Personal information
- Full name: Harry Baven Penton
- Date of birth: 1890
- Place of birth: Boscombe, Bournemouth, England
- Date of death: 1967 (aged 76–77)
- Place of death: Droxford, Hampshire
- Position(s): Centre forward

Youth career
- Pokesdown

Senior career*
- Years: Team / Apps / (Gls)
- Boscombe
- 1911–1912: Southampton / 13 / (3)
- 1912: Boscombe
- 1912–1913: Southampton / 1 / (0)
- 1913–1914: Boscombe
- 1914–1928: Eastleigh Athletic

= Baven Penton =

English footballer (1890–1967)

Harry Baven Penton (1890–1967) was an English professional footballer who played as a centre-forward for Southampton and Boscombe prior to the First World War.

==Playing career==
Penton was born in Boscombe, Bournemouth in early 1890 and was a prolific marksman in his minor league days, scoring 60 in one season with Pokesdown and 26 in another for Boscombe. His form attracted him to Southern League Southampton who were suffering from a lack of a suitable centre-forward, as the regular choice, Percy Prince was injured and replacement Sid Kimpton was not scoring regularly.

Penton moved across the New Forest in February 1911 and made his debut for Southampton at Crystal Palace on 25 February 1911, scoring in his home debut at The Dell in his next match (against Brentford).
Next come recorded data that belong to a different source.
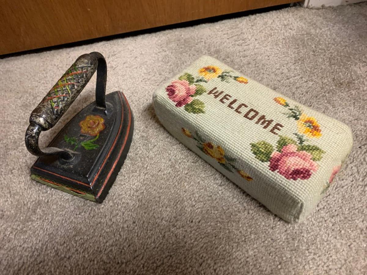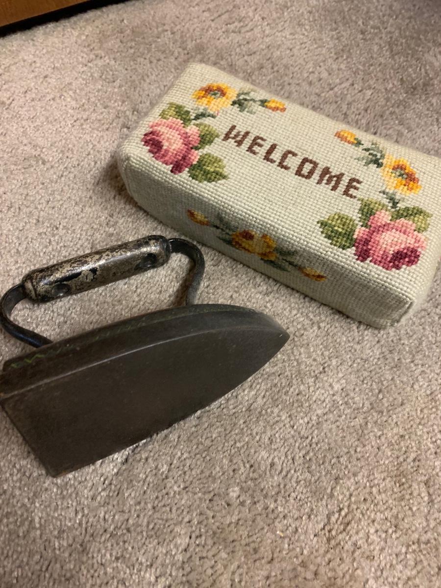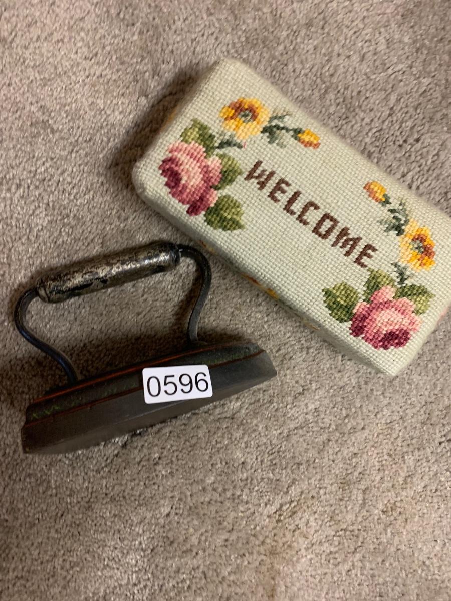 Antique Cast Iron & Needlepoint Brick Doorstops
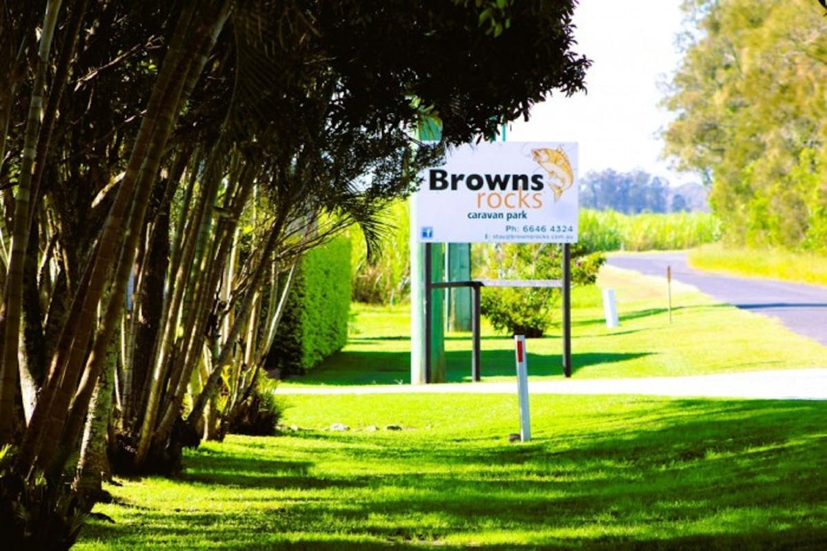 Browns Rocks Caravan Park is only eight kilometres off the highway. Travel along the Pacific Highway and take the Iluka turn-off. Drive four kilometres to Woombah village and turn right at the blue caravan park sign and Goodwood Island Wharf sign. Cross the bridge onto the island and follow the river to the park entrance.
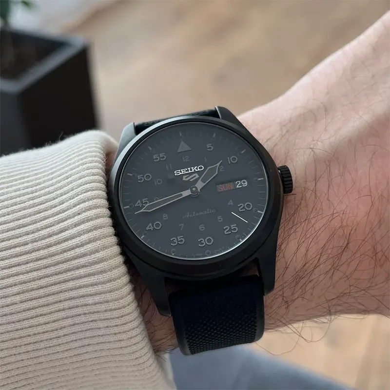 Seiko Men’s Watch 5 – Model SRPJ11K1 is a desirable combination of stylish design and modern features. This watch with detailed details and high quality hemp strap, automatic movement and water resistance up to 10 atmospheres, attracts the attention of every person. The strap of this watch is made of high quality hemp, which has high resistance and longevity. This band is also hypoallergenic, which prevents any skin sensitivity. The automatic movement of this watch provides accurate performance without the need to change the battery. This feature allows mechanical watch enthusiasts to experience advanced technology. The hemp strap of this watch is designed with a steel belt lock to easily fit on your wrist and provide you with a comfortable feeling. The watch frame is made of quality materials that prevent water penetration and provide moisture and water resistance. The watch is equipped with a precise and advanced mechanism that guarantees the accuracy of time display.
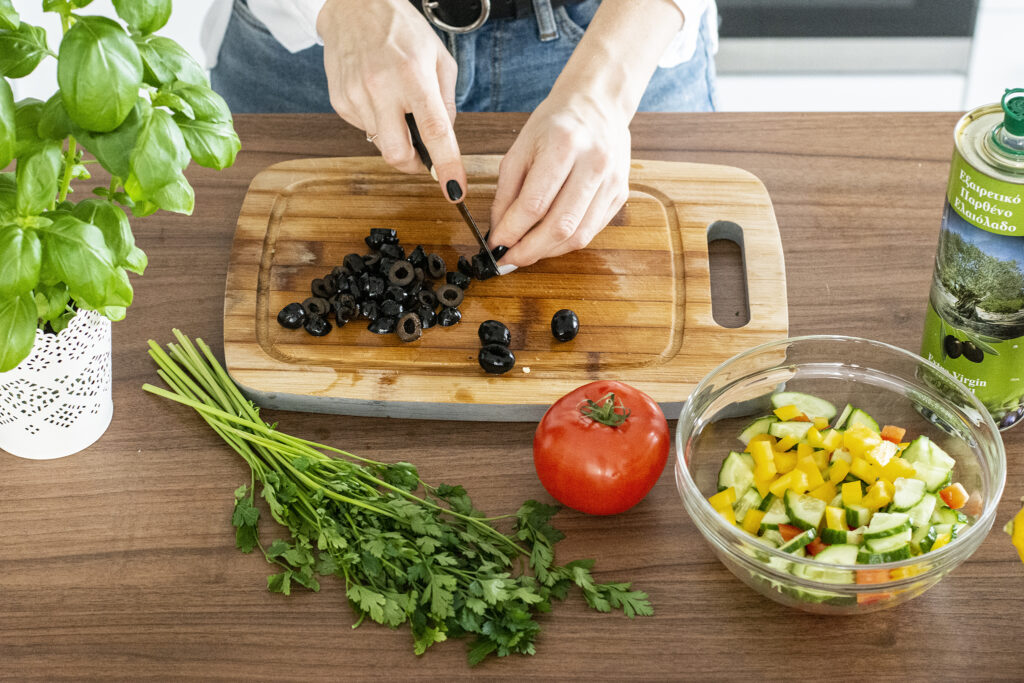 Sałatka śródziemnomorska z kaszą jaglaną, oliwkami i serem feta
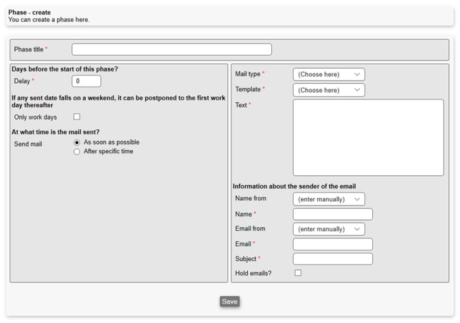 - Delay: Specifies how many days there should be between the previous phase and this one, before this phase begins and the mail is sent.

He retained his place until the end of the season, although he failed to live up to expectations with only three goals from twelve appearances. For the following season, the "Saints" signed Henry Hamilton and Penton only made one appearance, playing at inside-right in place of Archie Small on 16 September.

He returned to Boscombe in January 1912 for a fee of £10 and became their first ever professional player on a wage of 30 shillings (£1.50) per week. In September 1912 he returned to The Dell but made only one further appearance.

He once again returned across the New Forest to Boscombe, but in 1914 he joined Eastleigh Athletic where he remained until 1928, now playing as goalkeeper rather than centre-forward.